(TASK DETAILS)
The lines below, from the first through the one containing "โดยเมื่อเร็วๆ นี้ ได้มีการเปิดให้นักกายภาพบำบัดวิชาชีพได้", are to be given again exactly, with pictures left out and nothing added.

(SUPPLIED INFORMATION)
▬▬▬
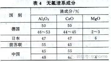 上述渣系均含有CaF2,據測試CaF270%+Al2O330%和CaF220%+Al2O340%+CaO40%的渣,氟的發散量分別為30~35mg/m3和12~18mg/m3。為了防止重熔中氟的揮發對環境的污染,近年來各國都致力于無氟渣的開發,無氟渣基本上采用CaO-Al2O3渣系,有時加入少量的MgO。(表4)這種渣系具有較低的電導率,在1600℃時,其電導率僅為CaF2-CaO-Al2O3渣的1/5,熔化速率可提高20%~40%,其生產率高,電0.耗低,而且無氟渣去氧、脫硫效果良好。但是無氟渣也存在著一些操作上的問題,如無氟渣熔點高,導電率低,引燃困難,需要液渣引燃;無氟渣的成分在CaO-Al2O3。共晶點附近,該共晶點液相線陡升,液渣成分稍有波動,渣熔點變化即很顯著,影響鑄錠成型,要求電渣輸入功率要穩定,工藝操作不如氟化物渣系易于控制;無氟渣的電導率低,重熔時需要較高的工作電壓,影響爐前操作的安全,需采用大充填比重熔;另外無氟渣CaO含量高易吸水增氫等。因此,雖然無氟渣在防止污染和提高電渣重熔熱效率方面具有突出的優越性,但仍處于試驗階段。
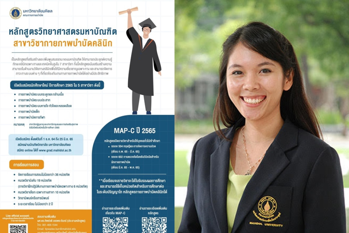 โดยเมื่อเร็วๆ นี้ ได้มีการเปิดให้นักกายภาพบำบัดวิชาชีพได้ Upskill - Reskill ลงทะเบียนเรียนออนไลน์ในรายวิชา"ทฤษฎีและการจัดการความปวด" เพื่อเสริมทักษะทางวิชาชีพ ในโครงการ MAP-C (Mahidol Apprenticeship Program Curriculum) สำหรับบุคคลทั่วไปของบัณฑิตวิทยาลัย มหาวิทยาลัยมหิดล ซึ่งผู้สำเร็จรายวิชาจากโครงการ MAP-C สามารถเทียบโอนหน่วยกิตเข้าศึกษาต่อในหลักสูตรวิทยาศาสตรมหาบัณฑิต และประกาศนียบัตรบัณฑิต สาขาวิชากายภาพบำบัดคลินิกของคณะกายภาพบำบัด มหาวิทยาลัยมหิดล ได้ทันที หรือจะเลือกช่องทางการศึกษาเพื่อเพิ่มพูนทักษะความรู้ในรูปแบบการอบรมวิชาการเชิงปฏิบัติการ ซึ่งไม่ต้องมีการสอบเก็บคะแนน ในวันเสาร์-อาทิตย์ โดยไม่ต้องลางานมาเข้ารับการฝึกปฏิบัติออนไลน์อีกด้วย นอกจากนี้ผู้เรียนจะได้ร่วมสัมมนาออนไลน์เพื่อฝึกแก้ปัญหาจัดการความปวดในรูปแบบต่างๆ ร่วมกับผู้เรียนในโครงการ MAP-C ซึ่งนักกายภาพบำบัดวิชาวิชาชีพที่สนใจสามารถสอบถามรายละเอียดการรับสมัครได้ที่https://liff.line.me/1645278921-kWRPP32q/?accountId=384rtrva
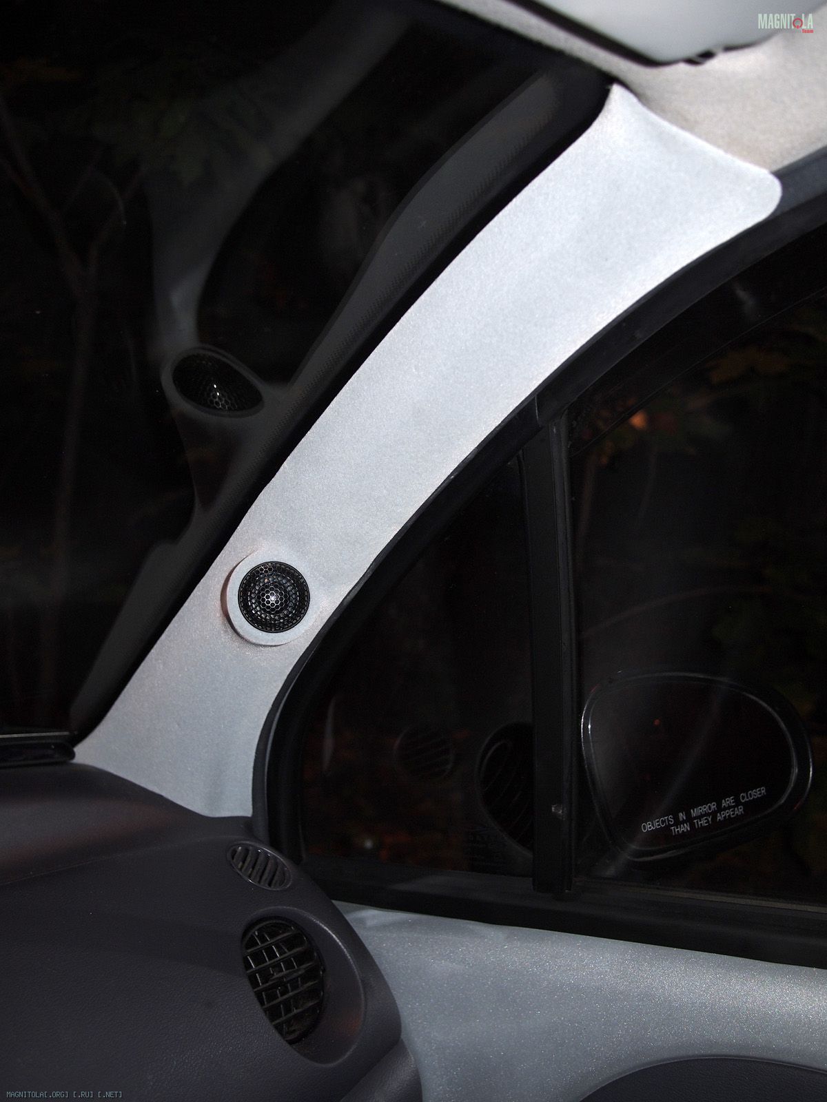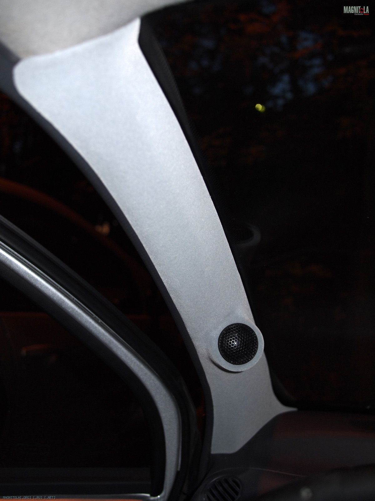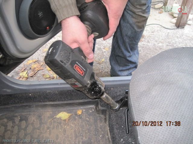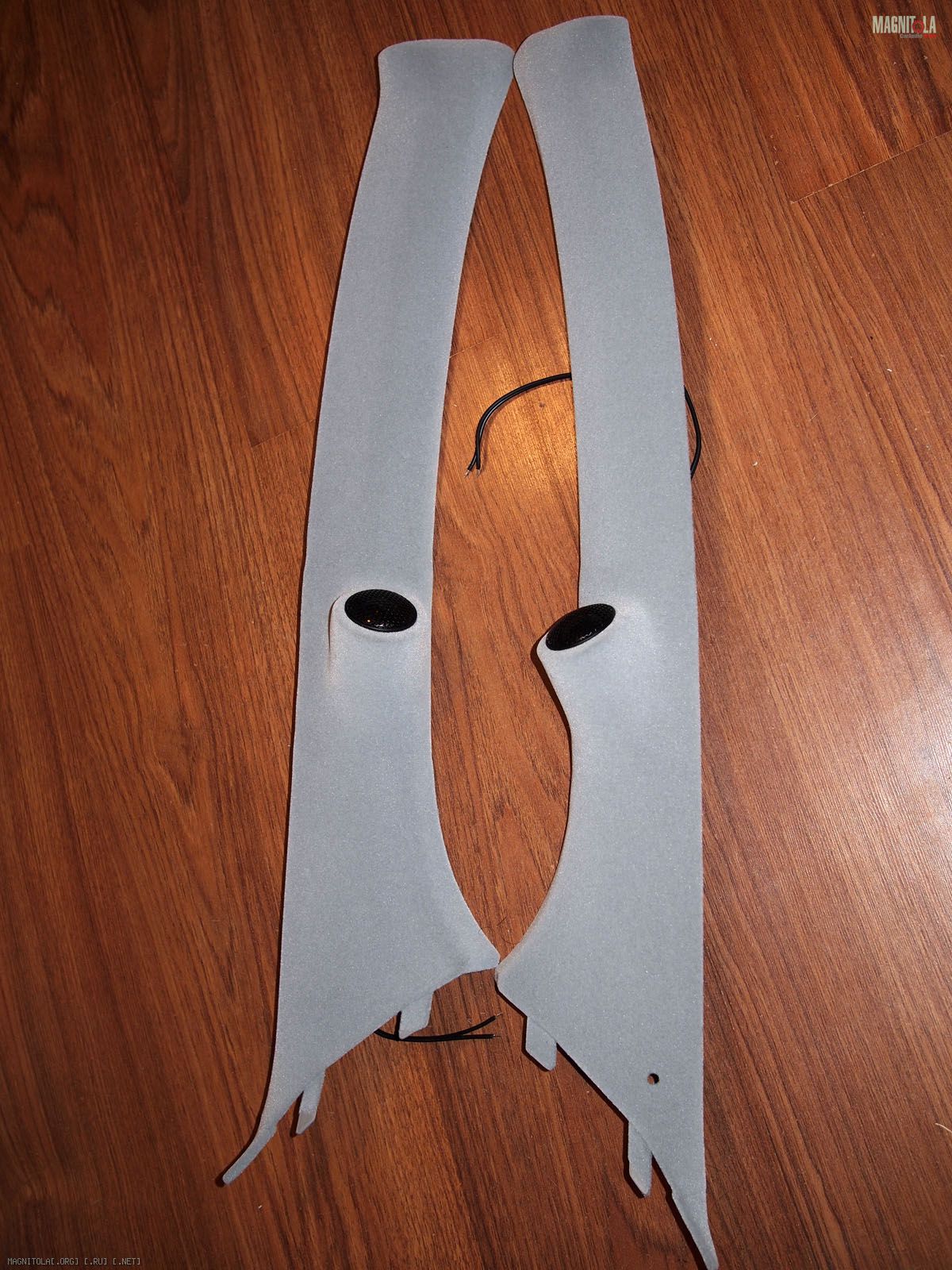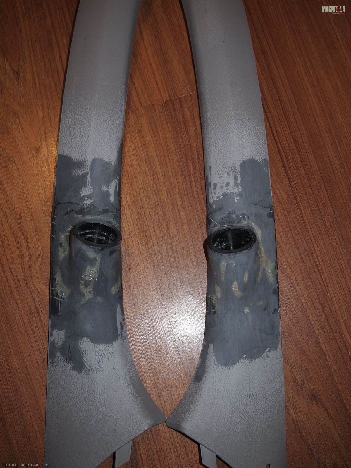 Вложение 321604 Первое что делаем - выбираем положение и направление твитеров. Мне понравилось расположение немного ниже середины и на 2 пальца выше козырька торпедо. Направлены между подголовниками передними, не в морду. Сделано отверстие коронкой 51мм в диаметре и термоклеем закреплена чашка на выбранном направлении. Потом добавилась подпорка из зубочистки на всякий случай, чтоб не изменилось направление при натяжение колготок. Вложение 321606 Далее сверлим отверстия по периметру для лучшей так сказать сращиваемости и задания той формы стойкам, которая мне хочется. Если есть Праймер - обрабатываем им чистую и обезжиренную поверхность. У меня под рукой не оказалось случайно. Вложение 321608 Идем к жене и требуем выдачи в расход 1 пару зимних толстых колгот и можно даже с рисунком. Получить можно не сразу, но т.к. у меня жена привыкла уже к виду стоек и знает что и как - отдала без сожаления. Рекомендуется использовать лайкру - теже треники http://matizclub.net/public/style_em..._smiles/ok.gif . Или купить отдельно ткань. Хомячка он же карпет не советую натягивать - работать по нему не ахти. Режим колготы на 2 части и натягиваем не сильно на стойки. Смотрим - не нравится, т.к. получается весьма широкий от края до края стойки подиум. Мне захотелось, чтоб ровненько как труба выходил подиум из стойки. Поэтому - пришиваем капроновыми нитками через имеющиеся отверстия. далее по центру чашки натягиваем сильно, чтобы было как можно ровнее. Накручиваем лишнее и фиксируем хомутом пластиковым одноразовым накрученное. Вложение 321610 Т.к. будем использовать полиэфирку и стекломат, то уезжаем из дома к дяде Славе в гараж. Кстати все сделано на базе его гаража, за что ему отдельный респект и спасибо. Итак берем голубую корабельную полиэфирку, разводим с отвердителем и пропитываем колготы немного выше нашитого. Оставляем и готовим стеклоткань к работе. Стекломат взят 600 и его нарезаем кусочками в длину 5-7 см и ширину 2-5 см. Выкладываем на поддон и пропитываем полиэфиркой густо. Пропитали - укладываем поверх уже пропитанного слоя колгот и кисточкой щательно, очень щательно томпонируем. Иногда добавляем полиэфирки. Чтобы не образовывались воздушные пузыри. Так было наложено 2 слоя стекломата 600 сразу. Далее фен, 300-350 градусов и ускоряем процесс полимеризации. Но тоже с головой - не перегревая. Как только появятся пузырики, то все перестарались. Потом их зашкуривать будет муторно и может подняться слой стекломата. Оставляем на пол часа или немногим более и не трогаем пока не встанет камнем. Ничего не срезаем и не трогаем. Иначе можно получить отхождение от пластика. Пластик - обычный ПП. Вложение 321612 Встало камнем - срезаем аккуратно остатки колгот и ниток не поддевая за края. Далее идем на точило, запускаем и выполняем предварительную огранку - стачиваем. На фото видно стойку до и после. Если всетаки подиум отошел от пластика, то не стоит огорчаться. Берем супер-клей (мне больше нравится гель) и в отошедшие места по самое далеко заполняем. Ждем минуту две и в принципе ликвидируется сие огорчение. После предварительной грубой огранки можно еще Дремелем или крупной шкуркой довести до ума. Шпаклюем. Я взял полиэфирную шпаклевку по пластику - для бамперов. Работать также в удовольствие ей. Сделано было 3 слоя, чтобы прийти к требуемым превышениям не более плюс-минус 0,25 мм. Последний слой выведен шк
▬▬▬
(TASK RESULT)
 上述渣系均含有CaF2,據測試CaF270%+Al2O330%和CaF220%+Al2O340%+CaO40%的渣,氟的發散量分別為30~35mg/m3和12~18mg/m3。為了防止重熔中氟的揮發對環境的污染,近年來各國都致力于無氟渣的開發,無氟渣基本上采用CaO-Al2O3渣系,有時加入少量的MgO。(表4)這種渣系具有較低的電導率,在1600℃時,其電導率僅為CaF2-CaO-Al2O3渣的1/5,熔化速率可提高20%~40%,其生產率高,電0.耗低,而且無氟渣去氧、脫硫效果良好。但是無氟渣也存在著一些操作上的問題,如無氟渣熔點高,導電率低,引燃困難,需要液渣引燃;無氟渣的成分在CaO-Al2O3。共晶點附近,該共晶點液相線陡升,液渣成分稍有波動,渣熔點變化即很顯著,影響鑄錠成型,要求電渣輸入功率要穩定,工藝操作不如氟化物渣系易于控制;無氟渣的電導率低,重熔時需要較高的工作電壓,影響爐前操作的安全,需采用大充填比重熔;另外無氟渣CaO含量高易吸水增氫等。因此,雖然無氟渣在防止污染和提高電渣重熔熱效率方面具有突出的優越性,但仍處于試驗階段。
 โดยเมื่อเร็วๆ นี้ ได้มีการเปิดให้นักกายภาพบำบัดวิชาชีพได้ Upskill - Reskill ลงทะเบียนเรียนออนไลน์ในรายวิชา"ทฤษฎีและการจัดการความปวด" เพื่อเสริมทักษะทางวิชาชีพ ในโครงการ MAP-C (Mahidol Apprenticeship Program Curriculum) สำหรับบุคคลทั่วไปของบัณฑิตวิทยาลัย มหาวิทยาลัยมหิดล ซึ่งผู้สำเร็จรายวิชาจากโครงการ MAP-C สามารถเทียบโอนหน่วยกิตเข้าศึกษาต่อในหลักสูตรวิทยาศาสตรมหาบัณฑิต และประกาศนียบัตรบัณฑิต สาขาวิชากายภาพบำบัดคลินิกของคณะกายภาพบำบัด มหาวิทยาลัยมหิดล ได้ทันที หรือจะเลือกช่องทางการศึกษาเพื่อเพิ่มพูนทักษะความรู้ในรูปแบบการอบรมวิชาการเชิงปฏิบัติการ ซึ่งไม่ต้องมีการสอบเก็บคะแนน ในวันเสาร์-อาทิตย์ โดยไม่ต้องลางานมาเข้ารับการฝึกปฏิบัติออนไลน์อีกด้วย นอกจากนี้ผู้เรียนจะได้ร่วมสัมมนาออนไลน์เพื่อฝึกแก้ปัญหาจัดการความปวดในรูปแบบต่างๆ ร่วมกับผู้เรียนในโครงการ MAP-C ซึ่งนักกายภาพบำบัดวิชาวิชาชีพที่สนใจสามารถสอบถามรายละเอียดการรับสมัครได้ที่https://liff.line.me/1645278921-kWRPP32q/?accountId=384rtrva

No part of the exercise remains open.